RECORDS SUPPLIED.

------------

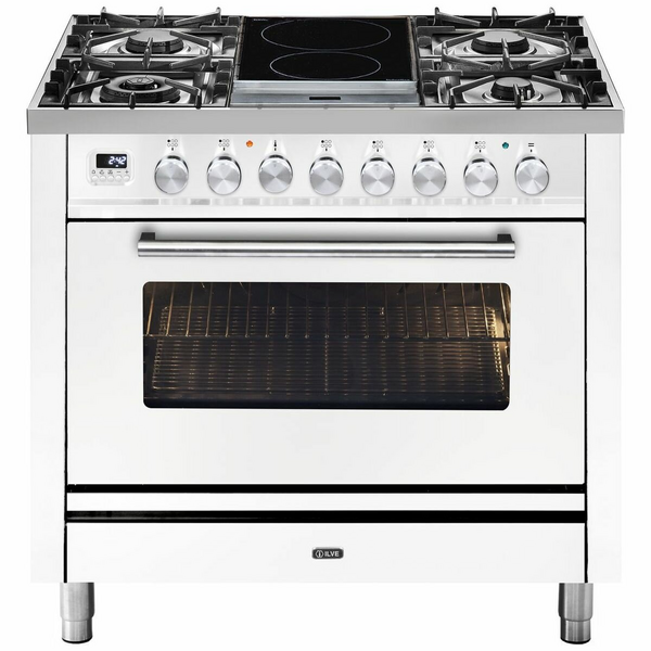 ILVE Professional Plus Series 90cm Dual Fuel Induction Freestanding Oven with Milano Knobs P09IDWE3WH
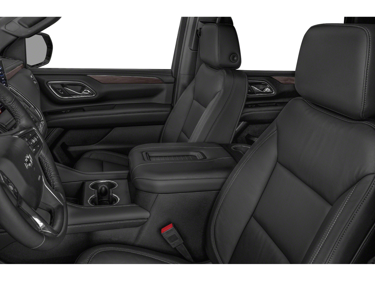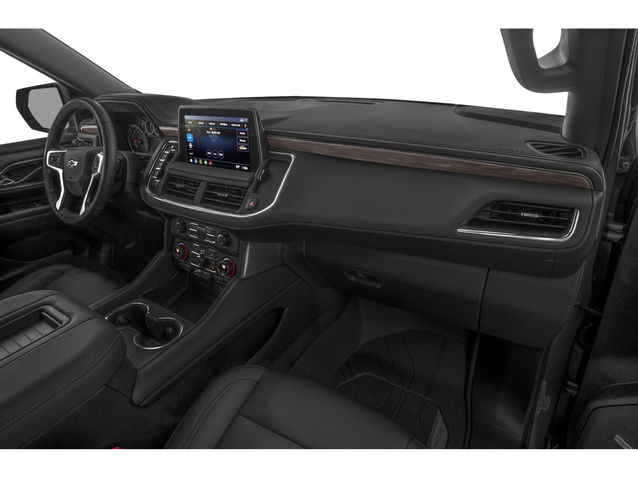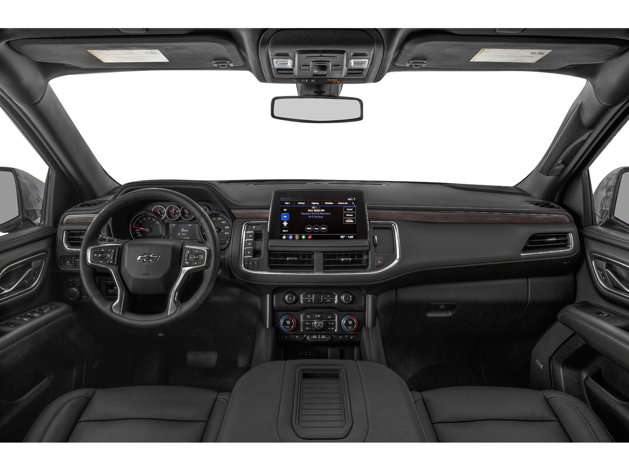 This 2023 Chevrolet Tahoe is equipped with License Plate Front Mounting Package, Preferred Equipment Group 2Z7 (1st & 2nd Row Color-Keyed Carpeted Floor Mats, 2-Speed Active Electronic AutoTrac Transfer Case, Auto-Dimming Inside Rear-View Mirror, Black Tubular Assist Steps, Bose 9-Speaker Stereo Audio System Feature, Bright Front & Rear Door Sill Plates, Color-Keyed Carpeting Floor Covering, Driver & Front Outboard Passenger Airbags, Enhanced Driver Information Center, Floor Console w/Storage Area, Front High-Approach Angle Fascia, Hands-Free Rear Power Programmable Liftgate, Hill Descent Control, Infotainment Display, LED Daytime Running Lamps, Memory Settings for Driver, Red Horizontal-Mounted Recovery Hooks, Remote Start, SiriusXM Radio w/360L, Universal Home Remote, Wireless Charging, and Wrapped Steering Wheel), 4WD, Gideon/Very Dark Atmosphere Leather, Navigation System, 10-Way Power Driver & Passenger Seat Adjusters, 2nd Row Manual Bucket Seats, 3.23 Rear Axle Ratio, 3rd row seats: split-bench, 4-Wheel Disc Brakes, 9 Speakers, ABS brakes, Air Conditioning, Alloy wheels, AM/FM radio: SiriusXM with 360L, Apple CarPlay/Android Auto, Auto High-beam Headlights, Auto-dimming Rear-View mirror, Automatic temperature control, Brake assist, Bumpers: body-color, Compass, Delay-off headlights, Driver door bin, Driver vanity mirror, Dual front impact airbags, Dual front side impact airbags, Dual-Pane Power Panoramic Sunroof, Electronic Stability Control, Emergency communication system: OnStar and Chevrolet connected services capable, Four wheel independent suspension, Front anti-roll bar, Front Bucket Seats, Front Center Armrest, Front dual zone A/C, Front High-Back Reclining Bucket Seats, Front reading lights, Fully automatic headlights, Garage door transmitter, Heated door mirrors, Heated Driver & Front Passenger Seats, Heated front seats, Illuminated entry, Leather-Appointed Seat Trim, Low tire pressure warning, Memory seat, Occupant sensing airbag, Outside temperature display, Overhead airbag, Overhead console, Panic alarm, Passenger door bin, Passenger vanity mirror, Power door mirrors, Power driver seat, Power Liftgate, Power passenger seat, Power steering, Power windows, Premium audio system: Chevrolet Infotainment 3 Premium, Premium Smooth Ride Suspension, Radio: Chevrolet Infotainment 3 Premium System, Rain sensing wipers, Rear air conditioning, Rear anti-roll bar, Rear reading lights, Rear seat center armrest, Rear window defroster, Rear window wiper, Remote keyless entry, Roof rack: rails only, Security system, Speed control, Speed-sensing steering, Split folding rear seat, Spoiler, Steering wheel mounted audio controls, Tachometer, Telescoping steering wheel, Tilt steering wheel, Traction control, Trip computer, Variably intermittent wipers, Voltmeter, and Wheels: 20 x 9 Machined Aluminum.
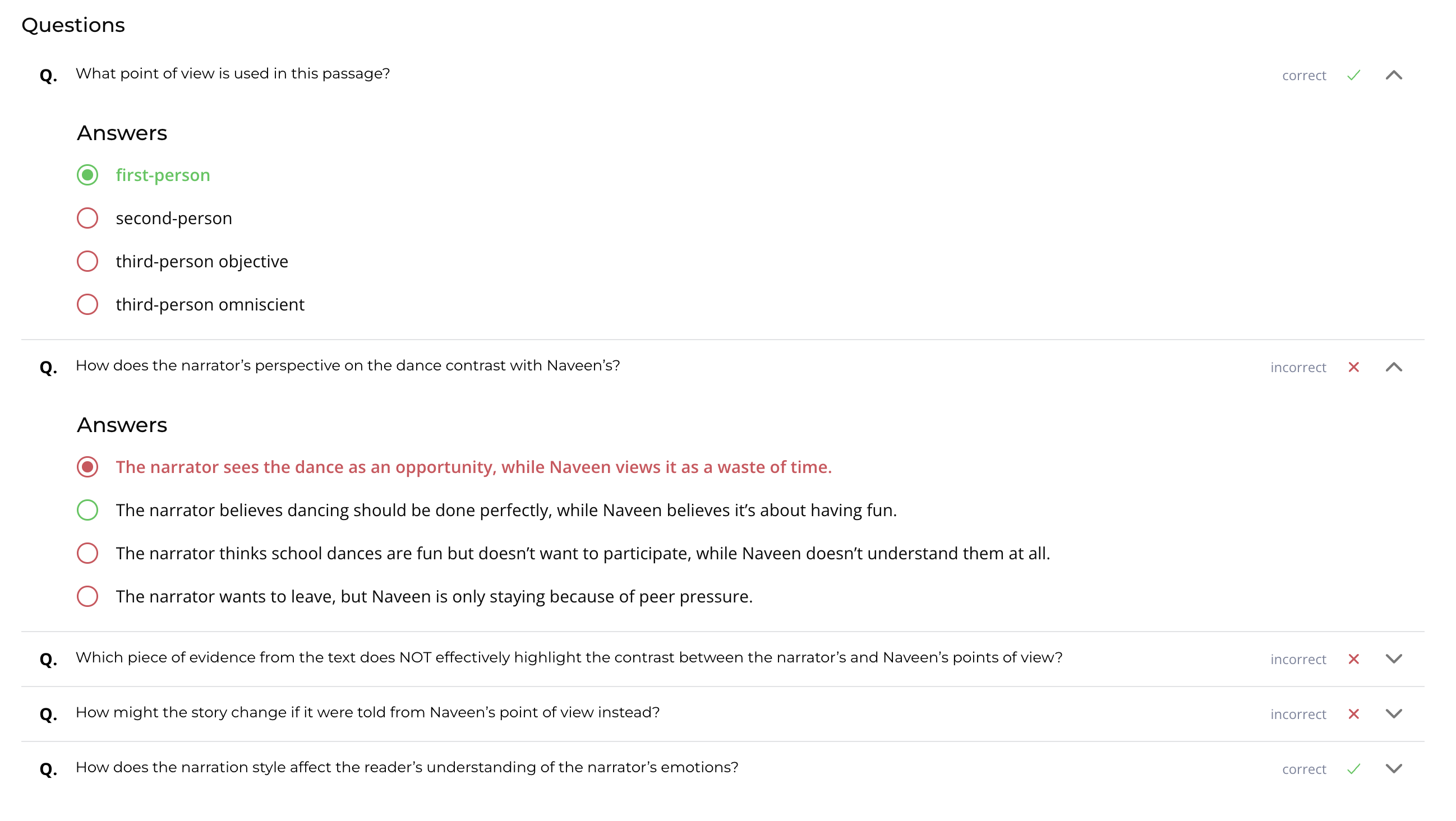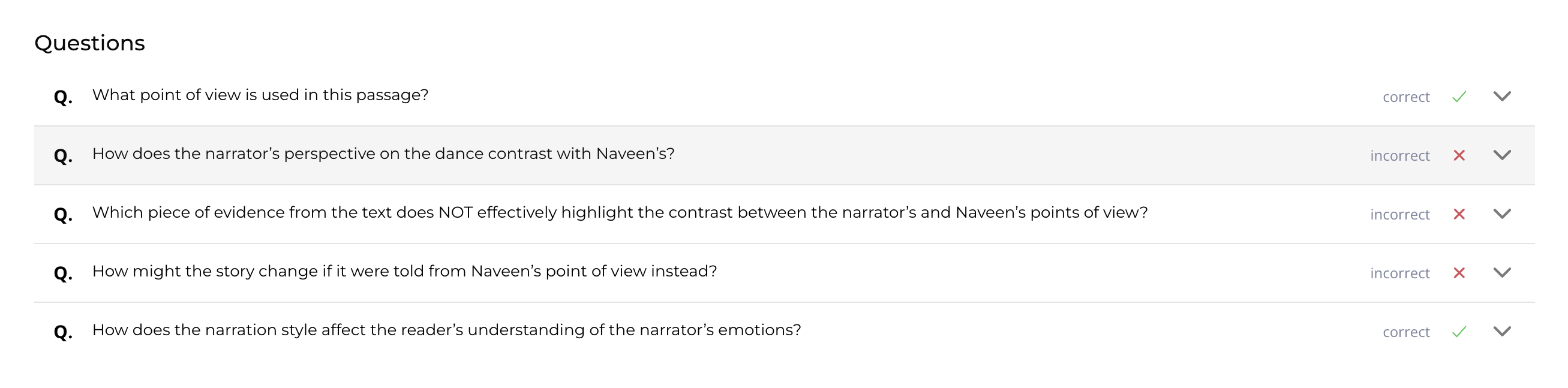 - Hover over scores to see detailed information, such as percentage of incorrect answers, or percentage of unanswered questions.
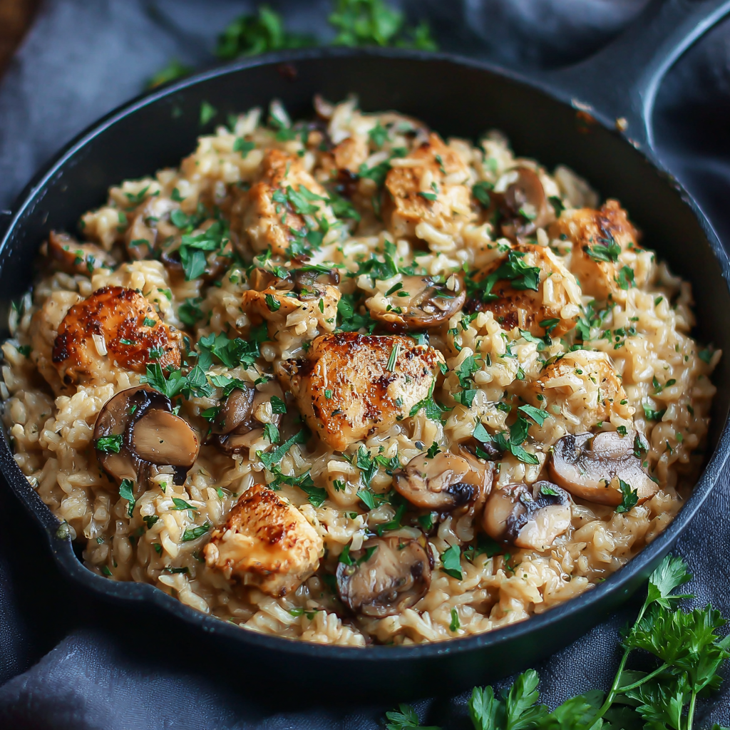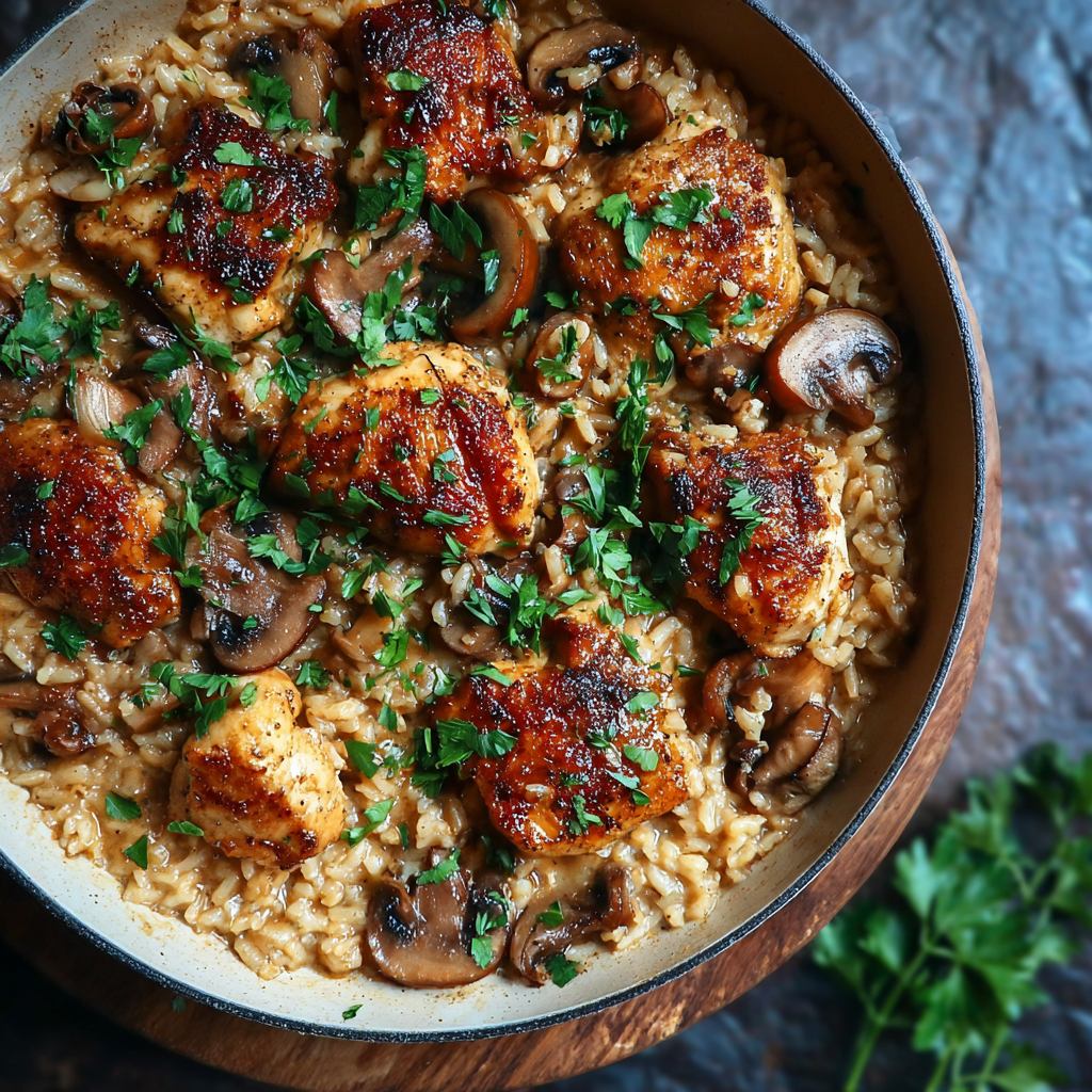 This One Pot Chicken & Mushroom Rice is rich, savory, and perfectly balanced. Juicy chicken, tender mushrooms, and fluffy rice absorb all the flavors together, creating a creamy, satisfying dish with minimal effort.
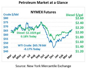 Fuel prices, on the other hand, are trading slightly higher this afternoon. Diesel prices are currently $2.1024, up 0.4 cents. Gasoline prices are trading at $2.1448, up 1.6 cents.
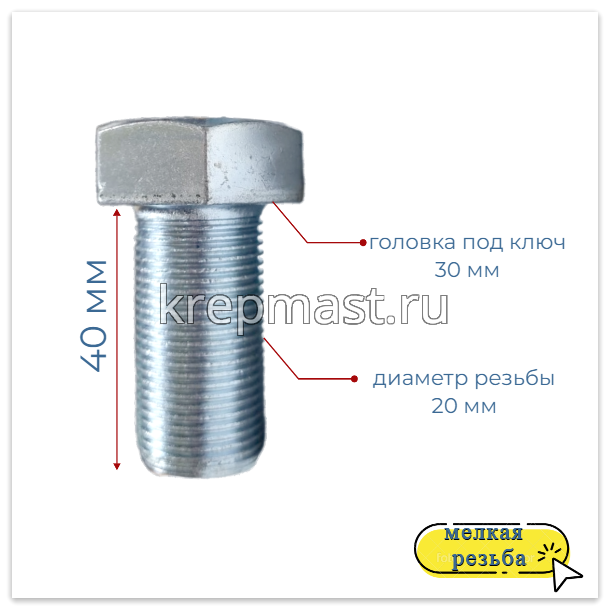 Болт DIN 961 20х 40х1,5 кл.пр. 10,9 ОЦИНК. п/р с мелкой резьбой в интернет-магазине «Мастер Крепежа» по цене 390 руб. Более 6 наименований товаров в наличии в категории Болты 20мм с мелкой резьбой. Купить болт din 961 20х 40х1,5 кл.пр. 10,9 оцинк. п/р с мелкой резьбой в Елабуге выгодно Вы можете on-line на нашем сайте, или отправив заявку по почте, а также по телефону или в пункте выдачи компании г. Казань, ул. Татарстан, 9, магазин "Мастер Крепежа". Доставка по Республике Татарстан и другие регионы РФ.

------------

INSTRUCTIONS FOR THE TASK.
All of the entries above should be retyped exactly, with the pictures left out.

RESPONSE AREA.
 ILVE Professional Plus Series 90cm Dual Fuel Induction Freestanding Oven with Milano Knobs P09IDWE3WH
 This 2023 Chevrolet Tahoe is equipped with License Plate Front Mounting Package, Preferred Equipment Group 2Z7 (1st & 2nd Row Color-Keyed Carpeted Floor Mats, 2-Speed Active Electronic AutoTrac Transfer Case, Auto-Dimming Inside Rear-View Mirror, Black Tubular Assist Steps, Bose 9-Speaker Stereo Audio System Feature, Bright Front & Rear Door Sill Plates, Color-Keyed Carpeting Floor Covering, Driver & Front Outboard Passenger Airbags, Enhanced Driver Information Center, Floor Console w/Storage Area, Front High-Approach Angle Fascia, Hands-Free Rear Power Programmable Liftgate, Hill Descent Control, Infotainment Display, LED Daytime Running Lamps, Memory Settings for Driver, Red Horizontal-Mounted Recovery Hooks, Remote Start, SiriusXM Radio w/360L, Universal Home Remote, Wireless Charging, and Wrapped Steering Wheel), 4WD, Gideon/Very Dark Atmosphere Leather, Navigation System, 10-Way Power Driver & Passenger Seat Adjusters, 2nd Row Manual Bucket Seats, 3.23 Rear Axle Ratio, 3rd row seats: split-bench, 4-Wheel Disc Brakes, 9 Speakers, ABS brakes, Air Conditioning, Alloy wheels, AM/FM radio: SiriusXM with 360L, Apple CarPlay/Android Auto, Auto High-beam Headlights, Auto-dimming Rear-View mirror, Automatic temperature control, Brake assist, Bumpers: body-color, Compass, Delay-off headlights, Driver door bin, Driver vanity mirror, Dual front impact airbags, Dual front side impact airbags, Dual-Pane Power Panoramic Sunroof, Electronic Stability Control, Emergency communication system: OnStar and Chevrolet connected services capable, Four wheel independent suspension, Front anti-roll bar, Front Bucket Seats, Front Center Armrest, Front dual zone A/C, Front High-Back Reclining Bucket Seats, Front reading lights, Fully automatic headlights, Garage door transmitter, Heated door mirrors, Heated Driver & Front Passenger Seats, Heated front seats, Illuminated entry, Leather-Appointed Seat Trim, Low tire pressure warning, Memory seat, Occupant sensing airbag, Outside temperature display, Overhead airbag, Overhead console, Panic alarm, Passenger door bin, Passenger vanity mirror, Power door mirrors, Power driver seat, Power Liftgate, Power passenger seat, Power steering, Power windows, Premium audio system: Chevrolet Infotainment 3 Premium, Premium Smooth Ride Suspension, Radio: Chevrolet Infotainment 3 Premium System, Rain sensing wipers, Rear air conditioning, Rear anti-roll bar, Rear reading lights, Rear seat center armrest, Rear window defroster, Rear window wiper, Remote keyless entry, Roof rack: rails only, Security system, Speed control, Speed-sensing steering, Split folding rear seat, Spoiler, Steering wheel mounted audio controls, Tachometer, Telescoping steering wheel, Tilt steering wheel, Traction control, Trip computer, Variably intermittent wipers, Voltmeter, and Wheels: 20 x 9 Machined Aluminum.
 - Hover over scores to see detailed information, such as percentage of incorrect answers, or percentage of unanswered questions.
 This One Pot Chicken & Mushroom Rice is rich, savory, and perfectly balanced. Juicy chicken, tender mushrooms, and fluffy rice absorb all the flavors together, creating a creamy, satisfying dish with minimal effort.
 Fuel prices, on the other hand, are trading slightly higher this afternoon. Diesel prices are currently $2.1024, up 0.4 cents. Gasoline prices are trading at $2.1448, up 1.6 cents.
 Болт DIN 961 20х 40х1,5 кл.пр. 10,9 ОЦИНК. п/р с мелкой резьбой в интернет-магазине «Мастер Крепежа» по цене 390 руб. Более 6 наименований товаров в наличии в категории Болты 20мм с мелкой резьбой. Купить болт din 961 20х 40х1,5 кл.пр. 10,9 оцинк. п/р с мелкой резьбой в Елабуге выгодно Вы можете on-line на нашем сайте, или отправив заявку по почте, а также по телефону или в пункте выдачи компании г. Казань, ул. Татарстан, 9, магазин "Мастер Крепежа". Доставка по Республике Татарстан и другие регионы РФ.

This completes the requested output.